Reasonable accommodations may be made to enable individuals with disabilities to perform these essential functions.

Qualifications:

• Bachelor’s Degree with 2+ years’ clinical experience in the Sciences / Engineering / Health Care / Management OR surrogate experience in Medical Device Clinical Affairs, Product Development, Marketing, and Management in a fast-paced environment

• Experience with Microsoft Office applications, SPSS or other statistical software

• Working knowledge of FDA and EU MDR requirements (ISO14155) for clinical trial conduct

• Demonstrated ability and experience with clinical investigators to motivate, lead, and provide support to group towards rapid, compliant enrollment

• Excellent oral and written communication skills

• Ability to travel up to 10-30% of the time

• Previous publication history or contributions to peer-reviewed articles preferred

Physical Demands:

The physical demands listed here are representative of those that must be met by and employee to successfully perform the essential functions of this job.

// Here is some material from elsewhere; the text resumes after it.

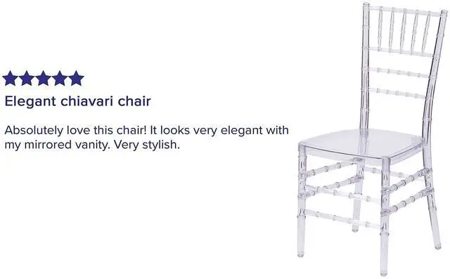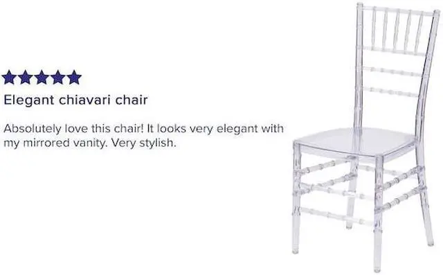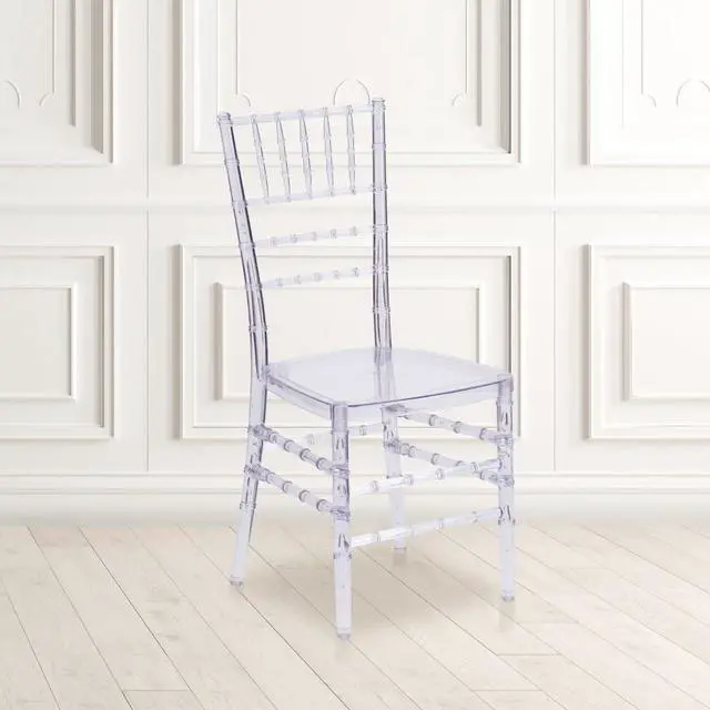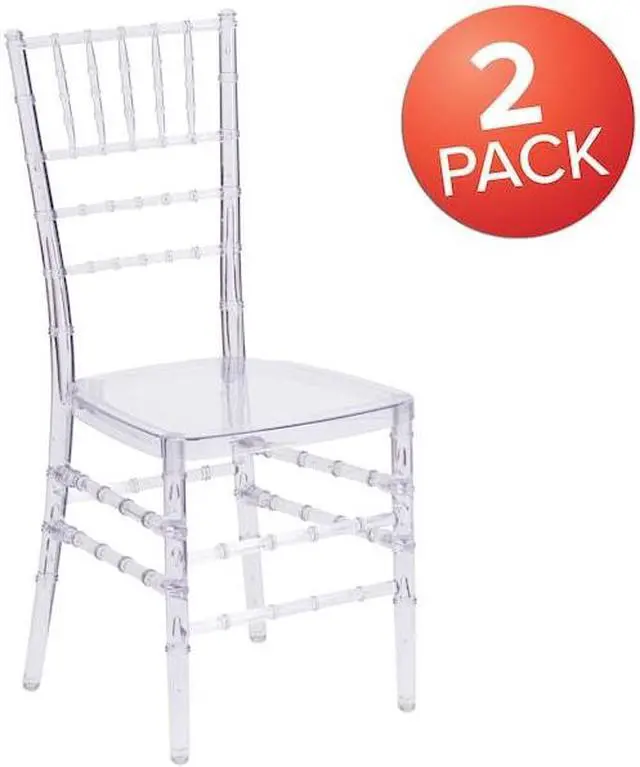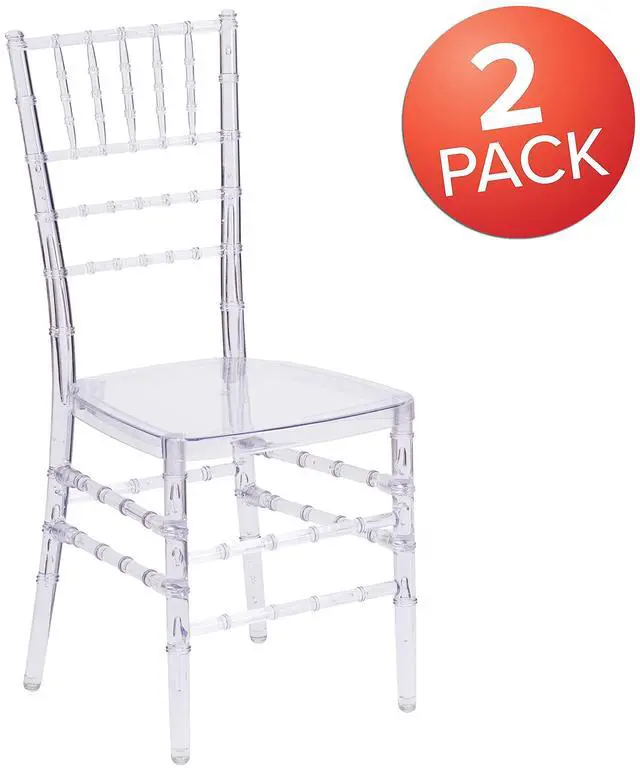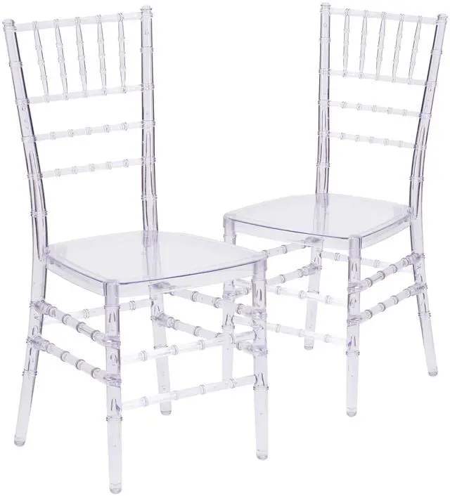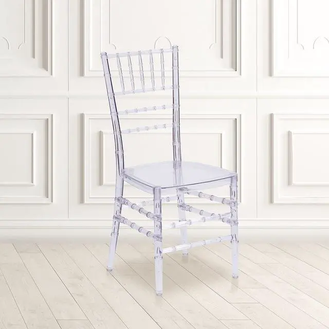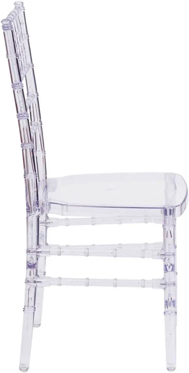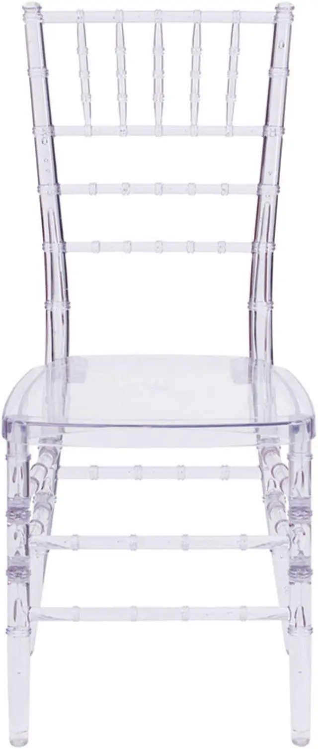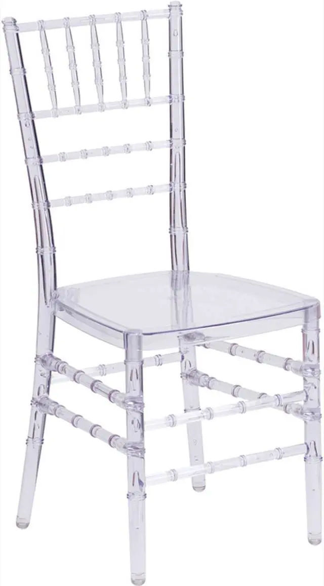 The Crystal Ice Chiavari Chair is ideal for weddings, banquets and special events from casual to the most elegant. Constructed of ultra-strong polycarbonate, it is shock, scratch and water resistant, extremely strong and wobble free. These beautiful chairs ship fully assembled, can be stacked 10 high for storage. With its durable, lightweight construction and elegant styling, this Chiavari chair will be the prime seating choice for all of your special events. You can use the chair outdoors, which makes it a great choice for summertime gatherings and special events. Designed for Indoor or Outdoor Use. Designed for Commercial Use. 2 Year Limited Warranty on Frame.
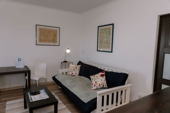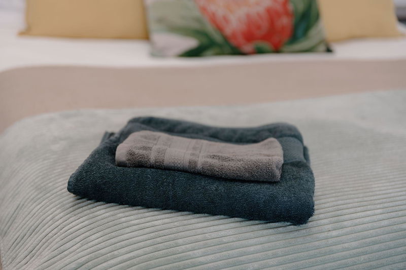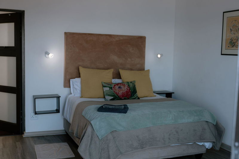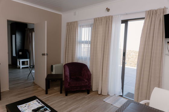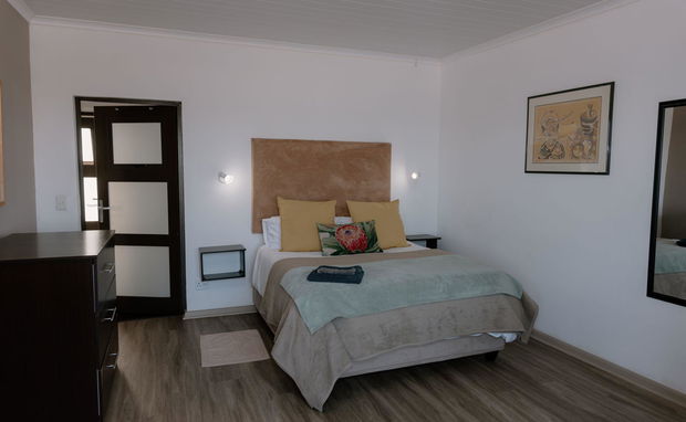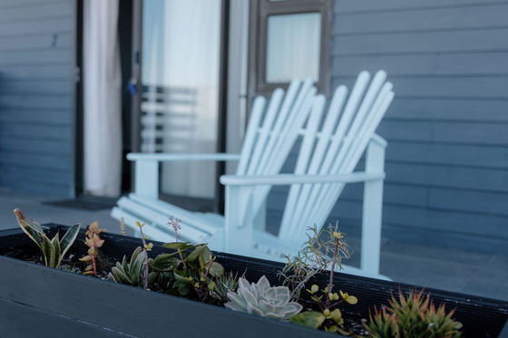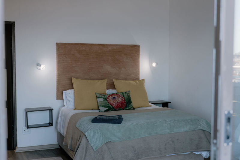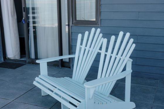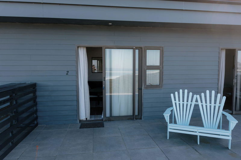 Spacious rooftop deck unit with a separate bedroom and lounge, both enjoying sea views. Outdoor deck with table and chairs.

• Required to sit; climb or balance; and stoop, kneel, crouch or crawl

• Required to regularly lift and/or move up to 10 pounds, and occasionally lift and/or move up to 25 pounds

• Required to possess specific visons abilities, including: close vision, distance vision, color vision, peripheral vision, depth perception and capacity to adjust focus.

Our Values:

Our Life Moves Us philosophy is built on four values: Passionate About Innovation, Customer Focused, Teamwork, and Driven.

• Passionate about Innovation: Improving patient care by delivering advanced technology to our customers is at the core of what we do. We are passionate in our role in improving the lives of patients by continuously developing better solutions.

• Customer Focused: We listen to our customers’ needs and respond with a sense of urgency.

• Teamwork: Working together, anything is possible. We value every person on our team and treat each other with respect. We are accountable to one another and support each other. Together, we make each other stronger.

• Driven: We pursue our mission with energy and passion. We are nimble, results-oriented and decisive. We overcome obstacles that arise in our quest to deliver solutions that will improve the lives of our customers and patients.

Equal Employment Opportunity:

Globus Medical is an equal opportunity employer. All applicants will receive consideration for employment without regard to race, color, religion, gender, sexual orientation, age, disability, marital status, pregnancy, national origin or citizenship. We are committed to a diverse workforce. We value all employees’ talents and support an environment that is inclusive and respectful.

Other Duties:

Please note this job description is not designed to cover or contain a comprehensive listing of activities, duties or responsibilities that are required of the employee for this job. Duties, responsibilities and activities may change at any time with or without notice.